Hi Blog-o-sphere! Welcome to my new blogspot: www.hello-there-sunshine.blogspot.com!
So, I realized something just now. I was texting one of my good friends, when I noticed a rising sense of paranoia. I found myself questioning what he said, what his motives were, and if he was lying. I have been doing this with him for quite a while now and I'm really wondering why. This friend is one of my best, who I have known for almost three years, and he is the sweetest nicest guy and would never possibly try to hurt me...so why the suspicion?
It isn't just him though, this happens with all my friends or the people in my life for that matter. After a certain period of knowing them, I just kind of freak out. I question everything they do or say and begin to wonder if I can trust them. Then, after a while, I become convinced that they, like everyone else, are out to get me.
Now that I'm typing this I realize I sound like a total and complete nutjob, but it's true. For some reason, I eventually just stop trusting people and shut them out. The best I can figure, is that I'm trying to hurt them and escape the relationship before they hurt me.
I think the source, which I go back to time and again in blogs, and it really is the source of all evil (or at least my evil anyway), is my childhood. I learned early on that (in the words of one P.Sawyer) "People always leave." I had other kids use me, my parents abandon me all but physically (my dad physically abandoning me last year), and never had a geniune friend at an early age.
Stepping out of infixable the past and into present, the reprecussions are obvious.
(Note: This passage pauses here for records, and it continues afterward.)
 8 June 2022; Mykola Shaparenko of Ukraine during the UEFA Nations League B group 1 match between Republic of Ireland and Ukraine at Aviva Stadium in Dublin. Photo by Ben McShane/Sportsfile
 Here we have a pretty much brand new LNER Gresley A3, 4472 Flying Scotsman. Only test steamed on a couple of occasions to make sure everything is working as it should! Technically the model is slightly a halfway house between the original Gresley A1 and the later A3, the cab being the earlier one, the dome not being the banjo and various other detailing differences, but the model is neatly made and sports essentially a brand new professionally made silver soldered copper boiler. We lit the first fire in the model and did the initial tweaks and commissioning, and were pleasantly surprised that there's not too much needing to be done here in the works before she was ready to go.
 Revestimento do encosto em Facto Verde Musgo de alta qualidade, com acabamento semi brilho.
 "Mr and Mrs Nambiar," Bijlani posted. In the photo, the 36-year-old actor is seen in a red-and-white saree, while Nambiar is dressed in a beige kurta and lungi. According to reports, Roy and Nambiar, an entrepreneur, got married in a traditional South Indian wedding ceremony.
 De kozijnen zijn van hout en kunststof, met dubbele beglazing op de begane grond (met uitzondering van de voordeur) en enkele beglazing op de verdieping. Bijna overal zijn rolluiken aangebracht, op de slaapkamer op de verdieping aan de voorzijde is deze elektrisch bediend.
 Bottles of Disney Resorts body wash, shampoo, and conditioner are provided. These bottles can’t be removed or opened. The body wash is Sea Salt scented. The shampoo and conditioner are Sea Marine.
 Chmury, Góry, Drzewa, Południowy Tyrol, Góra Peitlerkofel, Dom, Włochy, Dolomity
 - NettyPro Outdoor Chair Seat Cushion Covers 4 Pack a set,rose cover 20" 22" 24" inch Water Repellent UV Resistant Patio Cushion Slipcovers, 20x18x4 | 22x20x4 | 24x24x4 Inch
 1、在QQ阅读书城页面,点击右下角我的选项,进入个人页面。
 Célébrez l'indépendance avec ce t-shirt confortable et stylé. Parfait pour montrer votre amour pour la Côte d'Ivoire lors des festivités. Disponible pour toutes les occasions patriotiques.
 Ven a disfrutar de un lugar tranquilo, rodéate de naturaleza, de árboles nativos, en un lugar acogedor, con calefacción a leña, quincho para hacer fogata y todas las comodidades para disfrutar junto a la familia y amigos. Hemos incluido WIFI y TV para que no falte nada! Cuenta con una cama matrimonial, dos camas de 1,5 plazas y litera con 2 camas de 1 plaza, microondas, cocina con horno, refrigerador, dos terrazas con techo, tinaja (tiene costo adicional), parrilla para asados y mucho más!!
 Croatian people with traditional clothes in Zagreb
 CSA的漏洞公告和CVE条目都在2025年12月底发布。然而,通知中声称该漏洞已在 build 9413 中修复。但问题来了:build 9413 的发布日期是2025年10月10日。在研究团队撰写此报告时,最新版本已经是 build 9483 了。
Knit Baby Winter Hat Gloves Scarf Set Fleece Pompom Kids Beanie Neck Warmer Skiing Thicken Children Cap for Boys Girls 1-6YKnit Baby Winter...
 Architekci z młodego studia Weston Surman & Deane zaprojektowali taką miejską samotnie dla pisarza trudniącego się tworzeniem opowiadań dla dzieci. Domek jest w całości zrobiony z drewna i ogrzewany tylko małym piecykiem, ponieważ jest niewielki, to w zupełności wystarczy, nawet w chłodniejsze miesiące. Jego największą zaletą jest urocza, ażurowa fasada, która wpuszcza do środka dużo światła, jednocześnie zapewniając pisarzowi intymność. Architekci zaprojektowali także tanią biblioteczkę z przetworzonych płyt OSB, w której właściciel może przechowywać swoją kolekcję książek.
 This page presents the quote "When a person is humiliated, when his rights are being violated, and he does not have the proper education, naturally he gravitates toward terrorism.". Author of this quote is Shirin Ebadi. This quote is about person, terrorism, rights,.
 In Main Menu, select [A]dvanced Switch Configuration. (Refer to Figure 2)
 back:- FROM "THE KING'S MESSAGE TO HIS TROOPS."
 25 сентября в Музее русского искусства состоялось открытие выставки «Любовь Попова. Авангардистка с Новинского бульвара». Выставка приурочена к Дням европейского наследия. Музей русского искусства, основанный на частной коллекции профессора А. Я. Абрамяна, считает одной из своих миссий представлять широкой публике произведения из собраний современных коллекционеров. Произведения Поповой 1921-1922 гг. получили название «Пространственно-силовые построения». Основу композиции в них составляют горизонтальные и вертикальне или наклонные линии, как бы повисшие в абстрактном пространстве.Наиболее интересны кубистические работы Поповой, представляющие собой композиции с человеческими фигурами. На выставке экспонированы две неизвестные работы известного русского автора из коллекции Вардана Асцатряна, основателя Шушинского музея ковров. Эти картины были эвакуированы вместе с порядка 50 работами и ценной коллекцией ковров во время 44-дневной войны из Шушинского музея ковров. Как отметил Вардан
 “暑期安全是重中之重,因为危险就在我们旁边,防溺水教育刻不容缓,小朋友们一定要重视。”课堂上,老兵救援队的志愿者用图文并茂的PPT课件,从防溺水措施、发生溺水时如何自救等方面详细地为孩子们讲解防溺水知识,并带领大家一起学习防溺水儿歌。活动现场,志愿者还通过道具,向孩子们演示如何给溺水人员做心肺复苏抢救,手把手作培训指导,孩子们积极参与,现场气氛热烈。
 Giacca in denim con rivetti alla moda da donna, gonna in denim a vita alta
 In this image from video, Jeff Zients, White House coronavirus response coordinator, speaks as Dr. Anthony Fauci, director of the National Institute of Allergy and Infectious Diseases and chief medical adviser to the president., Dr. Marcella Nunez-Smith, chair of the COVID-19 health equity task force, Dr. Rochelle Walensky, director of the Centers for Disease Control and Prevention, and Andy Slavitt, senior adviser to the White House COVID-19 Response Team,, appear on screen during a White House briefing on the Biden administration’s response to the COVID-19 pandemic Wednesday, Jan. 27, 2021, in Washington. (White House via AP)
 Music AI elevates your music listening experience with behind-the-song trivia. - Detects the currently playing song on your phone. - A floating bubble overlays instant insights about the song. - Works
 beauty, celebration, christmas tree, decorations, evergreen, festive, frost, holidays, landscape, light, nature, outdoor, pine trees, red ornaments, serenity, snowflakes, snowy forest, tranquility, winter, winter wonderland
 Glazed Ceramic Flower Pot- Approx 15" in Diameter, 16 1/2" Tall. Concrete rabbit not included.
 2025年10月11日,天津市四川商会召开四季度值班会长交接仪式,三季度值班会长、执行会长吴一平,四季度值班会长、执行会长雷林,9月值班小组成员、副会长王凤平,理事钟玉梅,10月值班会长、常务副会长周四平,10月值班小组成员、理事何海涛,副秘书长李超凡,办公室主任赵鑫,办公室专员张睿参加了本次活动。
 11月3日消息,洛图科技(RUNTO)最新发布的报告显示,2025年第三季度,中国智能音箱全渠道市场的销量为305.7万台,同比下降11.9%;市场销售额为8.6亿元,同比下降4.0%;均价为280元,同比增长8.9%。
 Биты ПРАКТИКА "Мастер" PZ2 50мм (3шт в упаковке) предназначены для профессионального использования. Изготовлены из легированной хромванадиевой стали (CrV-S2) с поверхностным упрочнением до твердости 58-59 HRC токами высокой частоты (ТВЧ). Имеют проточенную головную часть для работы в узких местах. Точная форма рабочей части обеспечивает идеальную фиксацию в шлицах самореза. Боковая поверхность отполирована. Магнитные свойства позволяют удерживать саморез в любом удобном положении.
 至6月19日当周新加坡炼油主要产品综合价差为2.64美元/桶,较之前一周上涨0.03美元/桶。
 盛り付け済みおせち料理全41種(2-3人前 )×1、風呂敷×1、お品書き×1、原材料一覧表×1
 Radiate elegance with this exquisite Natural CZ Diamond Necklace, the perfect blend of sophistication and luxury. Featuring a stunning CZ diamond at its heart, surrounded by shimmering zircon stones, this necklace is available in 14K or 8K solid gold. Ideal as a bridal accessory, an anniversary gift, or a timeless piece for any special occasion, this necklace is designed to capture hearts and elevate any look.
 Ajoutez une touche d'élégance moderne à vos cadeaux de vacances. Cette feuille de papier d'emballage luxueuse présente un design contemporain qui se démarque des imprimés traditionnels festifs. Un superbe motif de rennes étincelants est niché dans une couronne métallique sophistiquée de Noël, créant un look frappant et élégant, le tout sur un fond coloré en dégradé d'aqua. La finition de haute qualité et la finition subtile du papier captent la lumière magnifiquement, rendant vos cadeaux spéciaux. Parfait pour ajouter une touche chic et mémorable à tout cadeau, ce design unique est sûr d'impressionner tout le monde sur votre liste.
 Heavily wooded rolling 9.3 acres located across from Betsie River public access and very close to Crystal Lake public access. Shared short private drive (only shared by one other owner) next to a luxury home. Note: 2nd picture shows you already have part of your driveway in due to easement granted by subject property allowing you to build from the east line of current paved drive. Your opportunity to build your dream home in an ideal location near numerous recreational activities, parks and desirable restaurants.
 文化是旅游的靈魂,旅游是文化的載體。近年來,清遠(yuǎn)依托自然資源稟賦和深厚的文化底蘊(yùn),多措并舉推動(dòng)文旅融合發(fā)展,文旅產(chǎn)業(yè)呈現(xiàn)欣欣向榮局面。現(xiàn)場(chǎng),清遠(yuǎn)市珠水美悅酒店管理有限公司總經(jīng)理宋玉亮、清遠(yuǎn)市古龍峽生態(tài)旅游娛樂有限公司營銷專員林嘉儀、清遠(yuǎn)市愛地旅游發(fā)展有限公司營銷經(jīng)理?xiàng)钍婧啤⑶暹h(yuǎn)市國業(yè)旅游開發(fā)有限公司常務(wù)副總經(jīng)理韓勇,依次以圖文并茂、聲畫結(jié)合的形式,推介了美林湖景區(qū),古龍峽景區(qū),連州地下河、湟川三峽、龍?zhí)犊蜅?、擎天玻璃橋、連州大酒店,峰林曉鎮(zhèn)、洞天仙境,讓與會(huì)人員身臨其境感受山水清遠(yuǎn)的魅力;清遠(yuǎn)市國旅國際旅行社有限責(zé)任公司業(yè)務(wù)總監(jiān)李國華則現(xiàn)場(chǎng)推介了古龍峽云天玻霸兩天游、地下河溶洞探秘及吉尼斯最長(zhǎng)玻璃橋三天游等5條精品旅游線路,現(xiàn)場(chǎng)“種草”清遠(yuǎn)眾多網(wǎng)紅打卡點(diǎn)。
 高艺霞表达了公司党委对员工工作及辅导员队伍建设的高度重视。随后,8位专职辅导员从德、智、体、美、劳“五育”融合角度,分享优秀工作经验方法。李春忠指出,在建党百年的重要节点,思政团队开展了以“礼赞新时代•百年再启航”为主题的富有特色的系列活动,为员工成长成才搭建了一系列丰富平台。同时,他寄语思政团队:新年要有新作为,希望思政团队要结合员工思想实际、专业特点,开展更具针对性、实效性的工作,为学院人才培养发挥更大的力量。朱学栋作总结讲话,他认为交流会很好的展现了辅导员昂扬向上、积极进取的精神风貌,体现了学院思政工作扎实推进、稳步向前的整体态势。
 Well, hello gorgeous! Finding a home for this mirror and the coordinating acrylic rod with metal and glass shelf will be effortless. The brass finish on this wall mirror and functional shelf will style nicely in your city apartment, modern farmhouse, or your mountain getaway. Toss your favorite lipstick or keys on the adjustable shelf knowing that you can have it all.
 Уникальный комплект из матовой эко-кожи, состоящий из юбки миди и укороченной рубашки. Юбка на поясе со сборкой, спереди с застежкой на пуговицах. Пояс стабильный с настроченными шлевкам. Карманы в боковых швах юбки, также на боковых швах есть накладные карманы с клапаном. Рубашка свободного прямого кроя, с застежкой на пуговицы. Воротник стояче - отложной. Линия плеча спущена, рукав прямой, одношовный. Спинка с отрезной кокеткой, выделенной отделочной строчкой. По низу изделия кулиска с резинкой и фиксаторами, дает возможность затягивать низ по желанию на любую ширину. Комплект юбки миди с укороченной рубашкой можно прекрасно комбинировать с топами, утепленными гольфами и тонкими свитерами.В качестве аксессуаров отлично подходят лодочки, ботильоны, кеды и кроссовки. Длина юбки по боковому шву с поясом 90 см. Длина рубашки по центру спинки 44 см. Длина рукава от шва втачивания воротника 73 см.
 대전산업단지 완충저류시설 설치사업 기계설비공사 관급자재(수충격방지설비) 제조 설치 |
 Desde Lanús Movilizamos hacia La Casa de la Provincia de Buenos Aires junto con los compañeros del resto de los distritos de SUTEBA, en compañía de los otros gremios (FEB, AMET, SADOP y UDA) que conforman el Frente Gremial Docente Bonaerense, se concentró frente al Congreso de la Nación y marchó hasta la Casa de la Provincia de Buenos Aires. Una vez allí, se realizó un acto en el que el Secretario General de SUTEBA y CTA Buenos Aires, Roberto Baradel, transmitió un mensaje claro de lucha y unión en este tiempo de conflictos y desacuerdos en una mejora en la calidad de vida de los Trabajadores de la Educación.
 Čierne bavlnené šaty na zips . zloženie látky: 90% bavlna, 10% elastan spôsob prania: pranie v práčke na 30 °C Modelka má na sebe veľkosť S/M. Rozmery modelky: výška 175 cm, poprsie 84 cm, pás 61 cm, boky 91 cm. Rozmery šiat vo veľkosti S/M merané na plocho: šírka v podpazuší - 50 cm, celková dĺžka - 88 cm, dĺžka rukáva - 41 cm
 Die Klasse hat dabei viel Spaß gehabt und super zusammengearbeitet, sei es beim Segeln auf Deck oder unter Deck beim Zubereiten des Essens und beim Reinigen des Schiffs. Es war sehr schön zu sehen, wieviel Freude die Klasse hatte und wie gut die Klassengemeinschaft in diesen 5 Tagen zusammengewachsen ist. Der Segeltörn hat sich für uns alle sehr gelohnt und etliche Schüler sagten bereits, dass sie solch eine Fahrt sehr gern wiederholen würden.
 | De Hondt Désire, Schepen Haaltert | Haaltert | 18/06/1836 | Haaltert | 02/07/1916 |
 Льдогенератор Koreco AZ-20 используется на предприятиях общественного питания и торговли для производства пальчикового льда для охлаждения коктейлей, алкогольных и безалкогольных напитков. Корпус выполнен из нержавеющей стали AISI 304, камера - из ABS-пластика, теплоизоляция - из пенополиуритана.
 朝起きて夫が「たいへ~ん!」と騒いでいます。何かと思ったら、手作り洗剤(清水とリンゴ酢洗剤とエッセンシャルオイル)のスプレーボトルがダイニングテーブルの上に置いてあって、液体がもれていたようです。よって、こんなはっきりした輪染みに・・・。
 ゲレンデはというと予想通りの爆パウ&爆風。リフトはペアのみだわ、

I am so easy to meet people; eager to befriend them and let them in. (It all goes back to that need to be loved and accepted that I so prevelently have.) But the problem is, that in doing so, I either alienate them, by moving too quickly, or worse, let them in only to have them shatter me a short while later.
So it seems, at times like the present, when I am most lost and vulnerable and in need of these people, in some sort of self-preservation I shut them out; knowing that I am too weak to handle their disapointment.